Z = jax.device_put(X, try_gpu(1))
print(X)
print(Z)
[[1. 1. 1.]
 [1. 1. 1.]]
[[1. 1. 1.]
 [1. 1. 1.]]
Y + Z
Array([[1.947667 , 1.9785799, 1.3322915],
       [1.4686685, 1.5698887, 1.165503 ]], dtype=float32)

.cuda(i) on a tensor already on GPU i is a no-op — the framework checks first:

Z2 = jax.device_put(Z, try_gpu(1))
Z2 is Z
False

Why this matters: a .to(device) in your training inner loop adds a cudaMemcpy round trip that can dwarf the actual computation. Copy at the boundary; keep everything inside the loop on one device.

Models on the GPU

The model is a tree of Parameter tensors.
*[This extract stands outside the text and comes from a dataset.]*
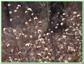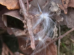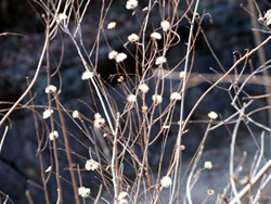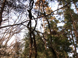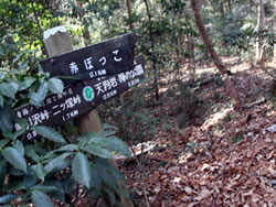 1923年に起きた関東大震災の際、表土が崩れ落ち赤土の露出した山となったことから「赤ぼっこ」と名付けられた山。今まであまり聞かなかった山の名前だが、ネットやSNSで知り、冬の低山歩きにぴったりなので暖かい小春日和の日を選んで陽だまりハイキングに行くことにした。 釜の淵公園駐車場(24時間無料)に車を停めて出発(10:20)。吉野街道(411号)に出て、31号線との交差点で南に曲がり、3つ目の交差点手前に天祖神社に着く(写真左上)(10:45)。 ここから260段の石段を上り山歩きの無事を祈ったら、神社の脇にある「長渕山ハイキングコース」の道標(写真下)に従ってスタート(10:55)。これからこの道標が長渕山ハイキングコースを案内してくれることになる。 階段をひと登りすると東屋があり、ここから林の中に入っていく。10分ほど歩くと次第に明るくなってきて尾根に出た。花のない冬の道にコウヤボウキの綿毛がちらほら見える。ピンク色の綿毛も。そのうち東側には「青梅市墓地公園」が木の間から見えてきた。 一旦車道に出て少し歩き、またすぐ登山道に入ると、綿毛のコウヤボウキの群生地があった(写真左下)(11:20)。そこには無数の白いぼんぼりが宙に浮かんでいた(写真下)。 | |||||||||||||||||||||||

Move them all in one shot with .to(device):

net = nn.Sequential([nn.Dense(1)])

key1, key2 = jax.random.split(jax.random.PRNGKey(0))
x = jax.random.normal(key1, (10,))  # Dummy input
params = net.init(key2, x)  # Initialization call
net.apply(params, x)
Array([-0.3464166], dtype=float32)

After this, every input batch must also be on device before the forward pass:

print(jax.tree_util.tree_map(lambda x: x.device, params))
{'params': {'layers_0': {'bias': CudaDevice(id=0), 'kernel': CudaDevice(id=0)}}}

Where to put the device move

The training-loop sweet spot:

device = try_gpu(0)
model = MyModel().to(device)         # once, before training
opt = SGD(model.parameters(), …)     # picks up device

for batch in loader:
    X, y = batch[0].to(device), batch[1].to(device)
    # ... forward, loss, backward, step ...

The Trainer baseline does exactly this — patch prepare_batch to call .to(device) and prepare_model to move parameters once:

@d2l.add_to_class(d2l.Trainer)
def __init__(self, max_epochs, num_gpus=0, gradient_clip_val=0):
    self.save_hyperparameters()
    self.gpus = [d2l.gpu(i) for i in range(min(num_gpus, d2l.num_gpus()))]

@d2l.add_to_class(d2l.Trainer)
def prepare_batch(self, batch):
    if self.gpus:
        batch = [d2l.to(a, self.gpus[0]) for a in batch]
    return batch

Common mistakes

  • Forgetting one tensor. Every tensor in the forward pass has to be on the same device. Custom buffers are the usual culprit — use register_buffer so they move with .to(device).
  • Creating tensors with torch.zeros((10,)) mid-forward defaults to CPU. Use torch.zeros((10,), device=x.device) to follow the input.
  • Optimizer set up before move. Construct the optimizer after .to(device) — otherwise its state lives on the wrong side.
  • .numpy() mid-loop forces a sync to CPU. The asynchronous CUDA stream stalls. Defer all conversions to the end of the epoch.

Recap

  • Tensors and parameters carry a device; cross-device operations require an explicit copy.
  • Move the model to the GPU once, before training; the optimizer follows its parameters.
  • try_gpu(i) keeps code portable across hardware.
  • Cross-device copies are expensive — keep the inner loop device-clean.
  • Use register_buffer so non-trainable state moves alongside parameters.